I have introspected the jar file spark-excel_2.13-3.5.0_0.20.1.jar but it is missing the package com.crealytics.spark.excel.

Expected Behavior

No response

Steps To Reproduce

No response

Environment

- Spark version: 3.5.0
- Spark-Excel version: 0.20.1
- OS: Windows 10
- Cluster environment: no cluster
- dev env: Java 17 + Maven

Anything else?

No response

@dolfinus
Copy link

dolfinus commented Oct 3, 2023

Compare 0.19.0 with 0.20.1:
изображение

@walkcoolboy
Copy link

walkcoolboy commented Oct 3, 2023

having the same problem after install com.crealytics:spark-excel_2.12:3.4.1_0.20.1 from Maven in Azure Databricks cluster with runtime version 13.3 LTS (includes Apache Spark 3.4.1, Scala 2.12)

Confirm working after switch to com.crealytics:spark-excel_2.12:3.4.1_0.19.0

@dolfinus
Copy link

dolfinus commented Oct 9, 2023

@nightscape Could you take a look, please?

@phoeph
Copy link

phoeph commented Oct 12, 2023

spark-excel_2.12:3.4.1_0.19.0 YES.
spark-excel_2.12:3.4.1_0.20.1 NO.
spark-excel_2.13-3.5.0_0.20.1 NO.

USING:

val df = spark.read
  .format("com.crealytics.spark.excel")
  .option("header", "true")

// .option("useHeader", "true")
.load("/Users/Leo/unicom/wow_emotes.xlsx")

df.show

@nightscape
Copy link
Owner

Could somebody look into this?

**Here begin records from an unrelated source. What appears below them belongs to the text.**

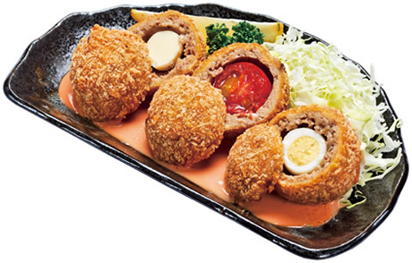 北海道ビーフハンバーグ・・・・4枚、うずらの卵(水煮)・ミニトマト・・・・各4個、 プロセスチーズ・・・・4かけ、パン粉・小麦粉・サラダ油・・・・適量、 卵・・・・1個、ケチャップ・・・・大さじ3、マヨネーズ・・・・大さじ2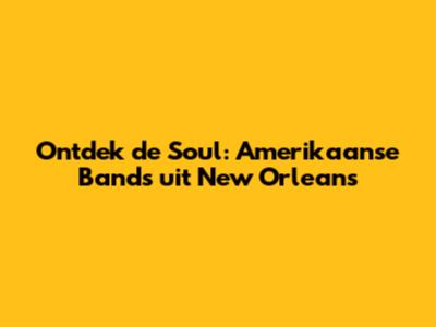 Ontdek De Soul: Amerikaanse Bands Uit New Orleans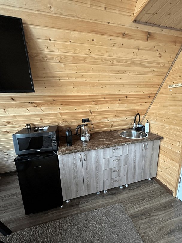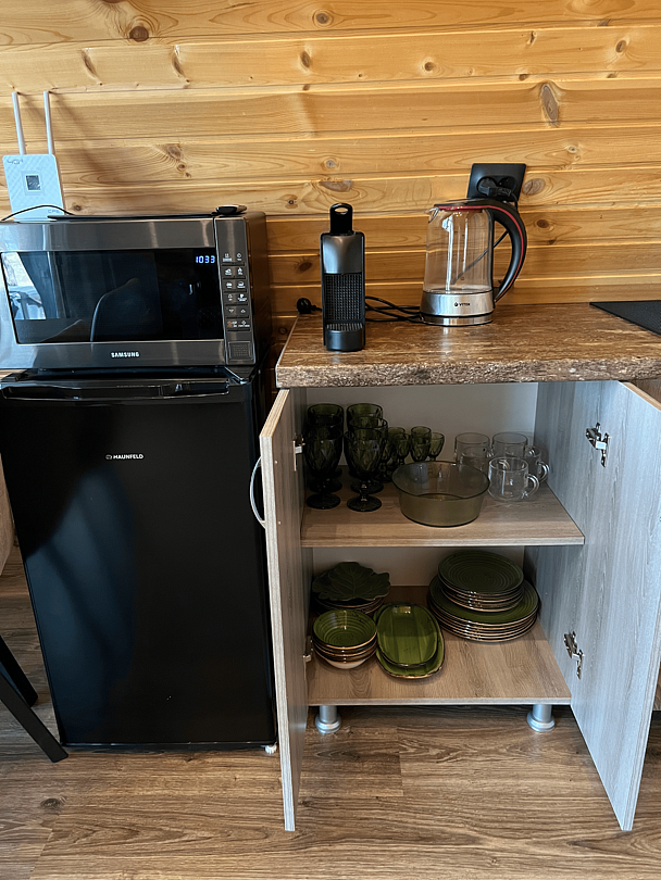 В домике есть все для комфортного проживания — баня со всеми необходимыми банными принадлежностями (тапочки, веники, халаты, шапочки, простыни), кухня со всей необходимой посудой, холодильник, микроволновка, чайник, кофемашина зерновая (для американо) капсулы предоставляются.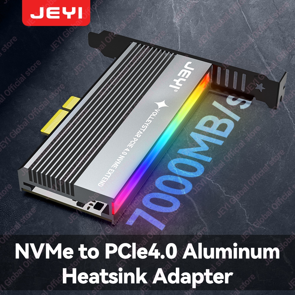 JEYI VolleyStar PCIE To NVMe Adapter With Aluminum Alloy Heatsink, M.2 RGB PCIe 4.0 Card With 1/2U Low Standard Profile Bracket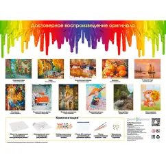 Рисуйте! Создавайте прекрасные сюжеты, станьте настоящим художником! С наборами Живопись на холсте это легко и просто, в комплекте есть все для работы над картиной на холсте. Просто возьмите стакан с водой и бумажную салфетку и время для творчества наступило. Размер 30х40 см. оптимальный для того чтобы получился красивый детализированный сюжет. Основа картины - хлопковый холст на деревянном подрамнике с напечатанной схемой изображения. Холст загрунтован и полностью готов к нанесению краски, акриловые краски на водной основе экологически безопасны, номера на баночках соответствуют номерам на схеме. Количество красок достаточное для раскрашивания картины, даже в 2 слоя.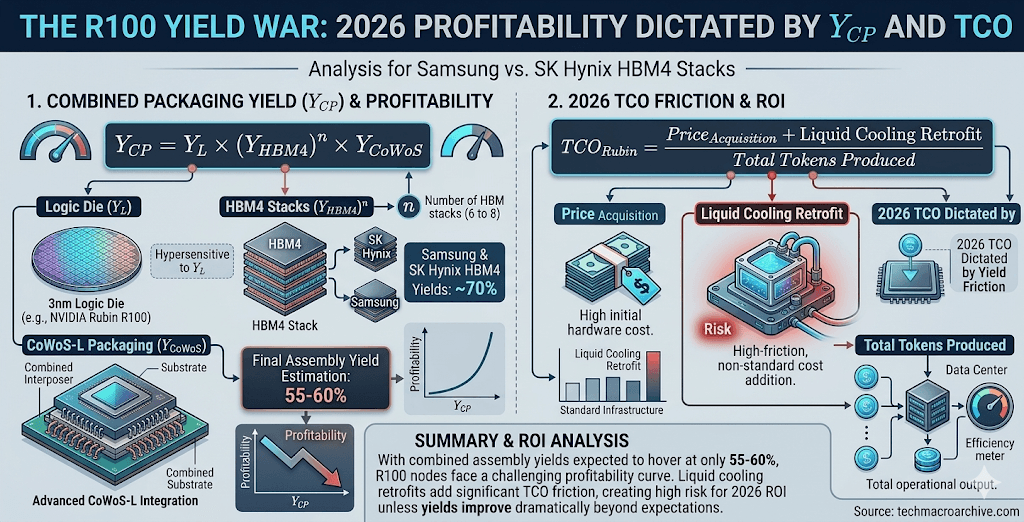 NVIDIA Rubin R100, HBM4 Yield Wall, TSMC 3nm Bottleneck, AI Hyper-Cycle 2026, Liquid Cooling Mandate, Vera Rubin Architecture, 336B Transistor Challenge, TCO vs Yield Tax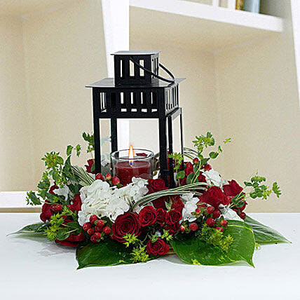 This pleasant center table flower arrangement with the black lantern and a red candle is perfect for an evening party decoration. Light this candle and let positive energy flow in the whole house. You can also give it to your near and dear ones on their special occasions.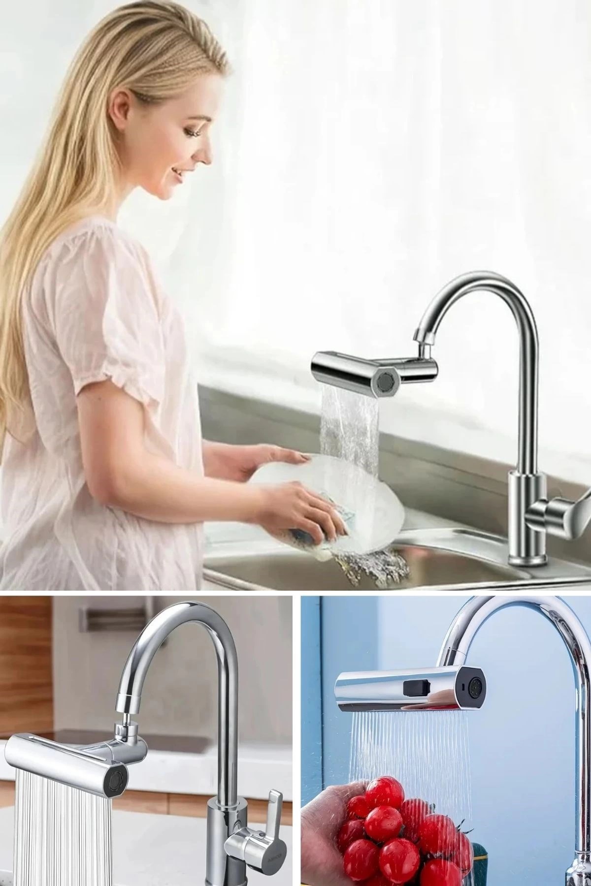 1080° Dönebilen Musluk Başlığı 2 Su Modlu Ayarlanabilir Esnek Tasarım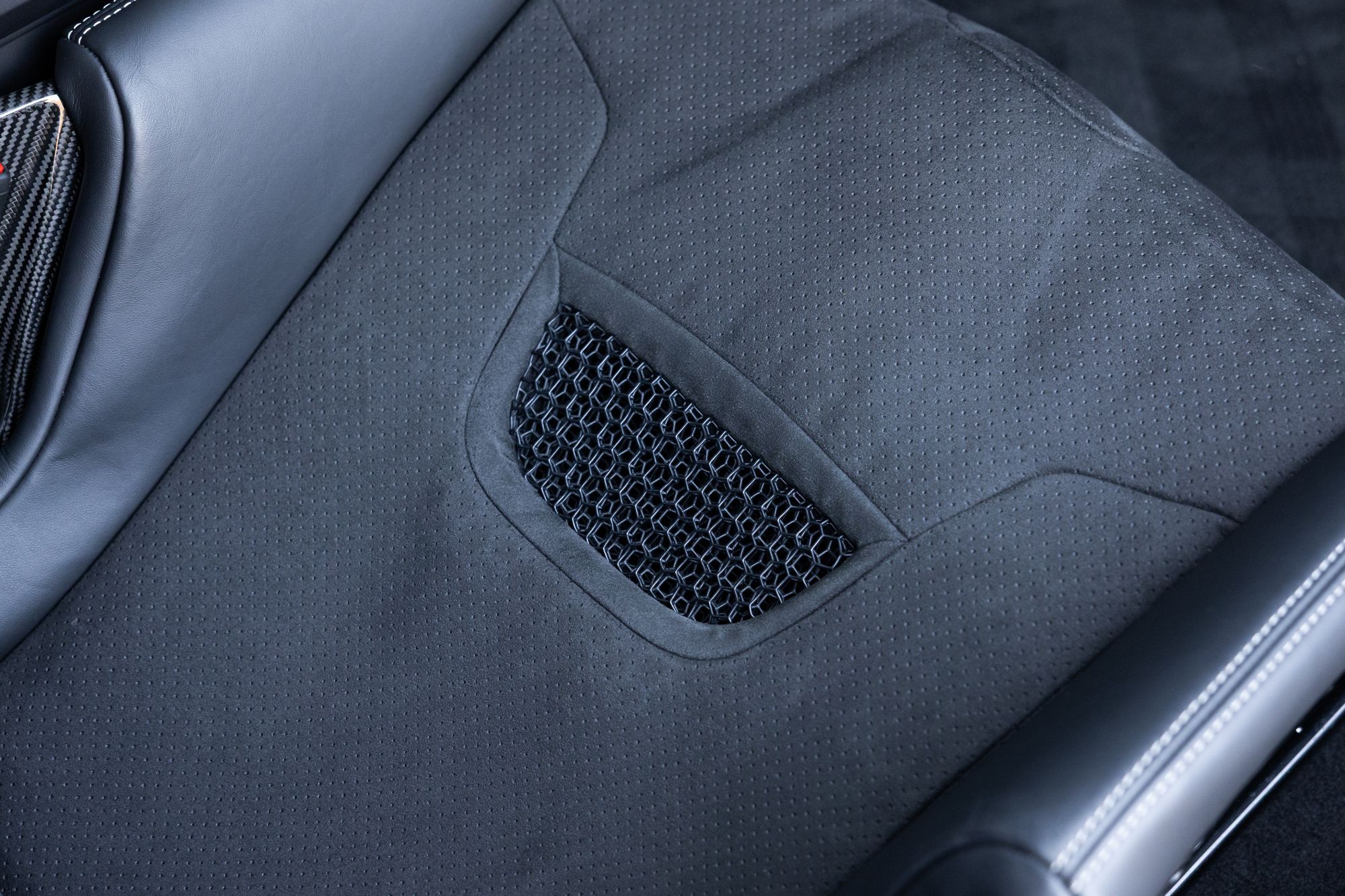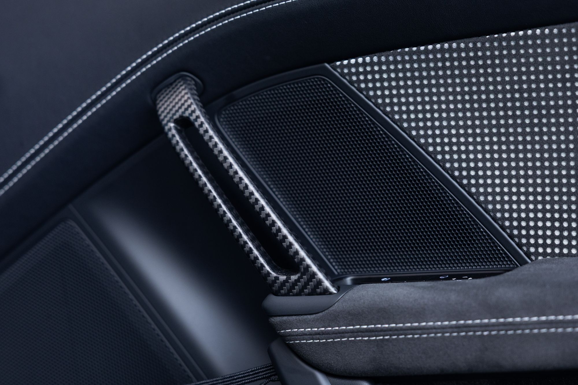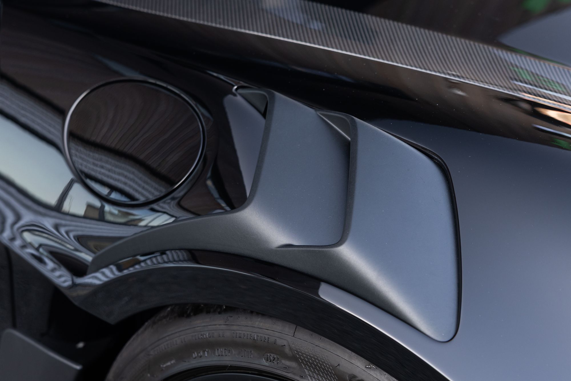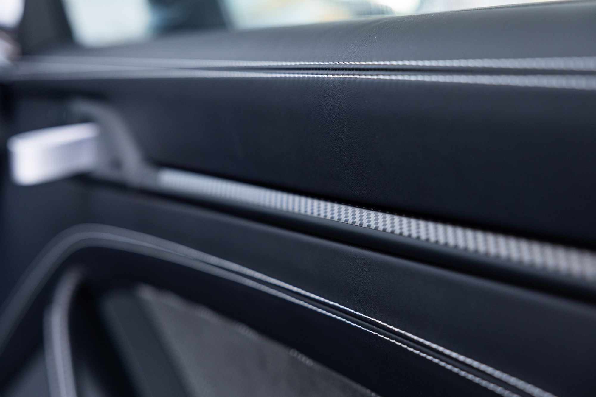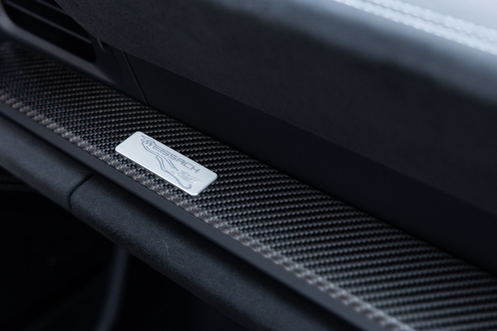 Inside, satin carbon-weave finish is also used on the steering wheel trim and door handles. The top of the dashboard is trimmed in Race-Tex to reduce reflective glare, similar to the flocked dashboards found in thoroughbred racing cars. The shift paddles are made from magnesium, with magnetic haptic elements derived from the 911 GT3 Cup for a crisp feel. The Weissach Package logo adorns the bezel of the cupholder, and is also embroidered into the headrests.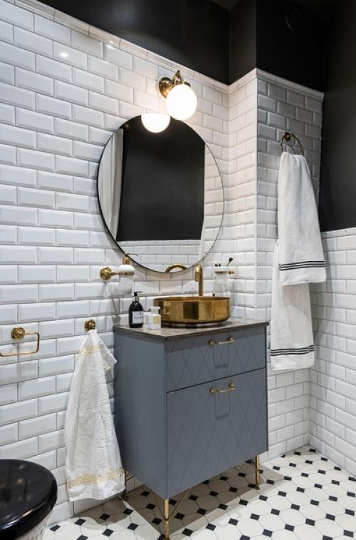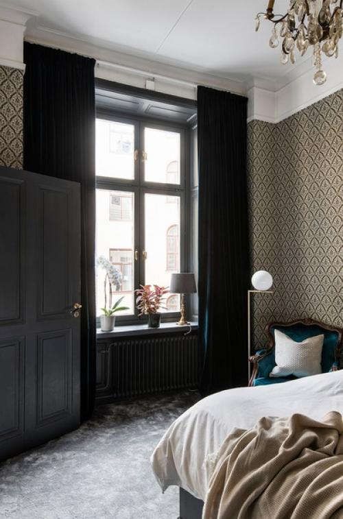 В этой небольшой квартире в 100-летнем доме дизайнеры сделали ставку на обильный классический настенный декор из молдингов и панелей, выполненный в контрастной черно-белой гамме для придания характера интерьерам. В целом можно отметить, что классические предметы преобладают в этом дизайне: обои и кресло в спальной, зеркало в золотой раме в гостиной, винтажные вещички по всему дому. В то же время, типичных современных скандинавских элементов здесь также достаточно . Яркий микс истории и современности!

I'll only get around to have a look at it in ~1 month because we're in the last stages of house construction and then moving...

@christianknoepfle
Copy link
Contributor

Same here. I was finally trying to update our spark from 3.3 to 3.4 and stumbled over the same issue. It seems to be related to the change from spark 3.3. to 3.4. and for me it is not related to the actual spark excel package version (0.19 and up are all failing even if it works for others). Will look into it...

@christianknoepfle
Copy link
Contributor

I was wrong with my previous statement. The bug was introduced from 0.19 to 0.20(.1) and the issue is that the DataSourceRegister is not packaged into the jar.
image

@MarkusFra
Copy link

MarkusFra commented Oct 27, 2023

I get

Py4JJavaError: An error occurred while calling o588.load.
: org.apache.spark.SparkClassNotFoundException: [DATA_SOURCE_NOT_FOUND] Failed to find data source: com.crealytics.spark.excel. Please find packages at `https://spark.apache.org/third-party-projects.html`.
	at org.apache.spark.sql.errors.QueryExecutionErrors$.dataSourceNotFoundError(QueryExecutionErrors.scala:870)
	at org.apache.spark.sql.execution.datasources.DataSource$.lookupDataSource(DataSource.scala:747)
	at org.apache.spark.sql.execution.datasources.DataSource$.lookupDataSourceV2(DataSource.scala:797)
	at org.apache.spark.sql.DataFrameReader.load(DataFrameReader.scala:337)
	at org.apache.spark.sql.DataFrameReader.load(DataFrameReader.scala:244)
	at sun.reflect.NativeMethodAccessorImpl.invoke0(Native Method)
	at sun.reflect.NativeMethodAccessorImpl.invoke(NativeMethodAccessorImpl.java:62)
	at sun.reflect.DelegatingMethodAccessorImpl.invoke(DelegatingMethodAccessorImpl.java:43)
	at java.lang.reflect.Method.invoke(Method.java:498)
	at py4j.reflection.MethodInvoker.invoke(MethodInvoker.java:244)
	at py4j.reflection.ReflectionEngine.invoke(ReflectionEngine.java:397)
	at py4j.Gateway.invoke(Gateway.java:306)
	at py4j.commands.AbstractCommand.invokeMethod(AbstractCommand.java:132)
	at py4j.commands.CallCommand.execute(CallCommand.java:79)
	at py4j.ClientServerConnection.waitForCommands(ClientServerConnection.java:195)
	at py4j.ClientServerConnection.run(ClientServerConnection.java:115)
	at java.lang.Thread.run(Thread.java:750)
Caused by: java.lang.ClassNotFoundException: com.crealytics.spark.excel.DefaultSource
	at java.net.URLClassLoader.findClass(URLClassLoader.java:387)
	at java.lang.ClassLoader.loadClass(ClassLoader.java:419)
	at java.lang.ClassLoader.loadClass(ClassLoader.java:352)
	at org.apache.spark.sql.execution.datasources.DataSource$.$anonfun$lookupDataSource$5(DataSource.scala:733)
	at scala.util.Try$.apply(Try.scala:213)
	at org.apache.spark.sql.execution.datasources.DataSource$.$anonfun$lookupDataSource$4(DataSource.scala:733)
	at scala.util.Failure.orElse(Try.scala:224)
	at org.apache.spark.sql.execution.datasources.DataSource$.lookupDataSource(DataSource.scala:733)
	... 15 more

when trying to do

spark.read.format("com.crealytics.spark.excel")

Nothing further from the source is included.